When Kansas voters earlier this month rejected a ballot initiative that would have made it easier for the state legislature to restrict or ban abortion, it was only the latest example of otherwise red-state voters backing a measure seemingly out of step with their usual politics.
Over the past decade, voters in 12 states have passed minimum wage increases, including states as reliably Republican as South Dakota and Missouri. Six red states have also expanded Medicaid eligibility via ballot initiative after their Republican legislatures failed to do so under the new rules created by the Affordable Care Act. And since a nationwide movement to legalize marijuana began in the late 1990s, a whopping 36 states have either legalized or decriminalized medical marijuana, including by ballot initiative in conservative states like Utah and Oklahoma.

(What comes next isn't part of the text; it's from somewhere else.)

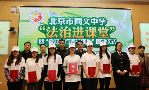 3月23日下午,石景山区法制宣传教育和依法治区领导小组办公室、石景山区司法局、石景山区教育委员会、石景山区人民检察院、共青团石景山区委员会、八宝山街道办事处、beat365手机版官网文法学院联合在北京市同文中学举办“法治进课堂”暨“家校同行,普法园地”活动启动仪式。beat365官网文法学院学生志愿者代表参加了此次活动。

Part of the reason these measures have passed is because they’re popular. Still, in many of these cases, they were unlikely to have passed Republican-controlled state legislatures. It’s why in some states, the state legislatures are now pushing back, trying to make it harder to pass ballot measures. “We do see a direct relationship between progressive measures passing in red states and legislators creating barriers to the ballot initiative process, or really looking to eliminate it all together,” said Corrine Rivera Fowler, the director of policy and legal advocacy at the Ballot Initiative Strategy Center, a progressive group that organizes to put initiatives on the ballot around the country.
This, in turn, perhaps raises a more fundamental question: Why do voters in these states so frequently support progressive ballot legislation while also voting for candidates who oppose these very efforts?
Arkansas, in particular, is an interesting case. One of the only states in the South to have a ballot initiative system for amending the state constitution and passing new state laws, it also has a fairly low threshold for getting issues onto the ballot.1 Moreover, ballot initiatives in the state require just a simple majority to pass.
Using ballot initiatives, Arkansas voters have in the last decade increased the state’s minimum wage twice and legalized medical marijuana (the first Southern state to do so). This November, meanwhile, voters can decide whether to legalize marijuana for recreational use, although whether the votes will be counted remains in legal limbo.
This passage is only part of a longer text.